This graph shows how the intervention’s effects change over time, by using a standardized measure of the effect size. A measure is a standardized measure when it is used in a consistent or standard way. That means we can directly compare the effect sizes across outcomes and across interventions. The effect size value will show us if the intervention has had a small or medium-to-large effect on the outcome measure. If a study reports multiple findings in a domain at any point in time, the effect size reported on the graph is an average of the effect sizes of those findings.
Solid data points indicate statistical significance for that finding, meaning that the result likely occurred because of the intervention, rather than randomly or by chance. A significant finding means you can feel confident the effect is real, not that you just got lucky (or unlucky) in choosing the sample. The Pathways Clearinghouse considers a finding to be statistically significant if there’s less than 5 percent chance the study could yield that finding if the intervention had no effect. Because this number is so small, it’s likely that the intervention is causing the findings. Statistical significance helps us consider how confident we can be that the intervention will result in similar findings upon replication.
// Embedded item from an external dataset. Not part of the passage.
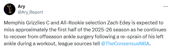 今年休赛期,伊迪在6月份的一次训练中扭伤左脚踝,之后接受手术治疗,当时灰熊官方宣布伊迪至少休战4个月;可如今,Ary报道称,埃迪在一次训练中再次扭伤今夏做过手术的左脚踝,预计将缺席2025-26赛季前半程的比赛。
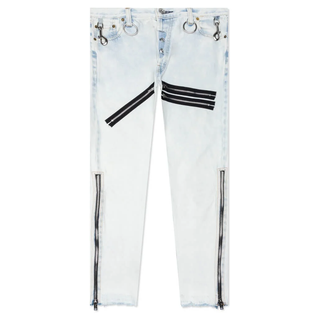 The Gallery Dept. Weapon World 5001 makes an impression on any streetwear apparel rotation. Made from cotton, the jeans feature a straight leg in addition to a logo patch at the rear. Silver-tone hardware is seen, while the belt loops and decorative zip detailing provide further dimension. The five-pocket design finishes the look. DUE TO THE LIMITED NATURE OF THIS PRODUCT, ALL SALES ARE FINAL. THIS ITEM IS NOT ELIGIBLE FOR DISCOUNTS OR SPECIAL PROMOTIONS. THIS ITEM IS FINISHED BY HAND, WHICH MAY RESULT IN A SLIGHT VARIATION FROM THE IMAGES ABOVE. - 100% cotton - Straight leg - Zip fly - Silver-tone hardware - Belt loops - Logo patch - Decorative zip detailing - Five pocket design - Style No: 5001-WW80-INDI

If an average effect size is marked as not statistically significant (that is, not solid), it might still include an individual finding that is statistically significant. Let’s say you had an intervention with impacts on earnings in the first quarter, and the impacts included two findings, one statistically significant and one not. When we average them together and then calculate the significance of the average. This means that the average could be statistically significant or not.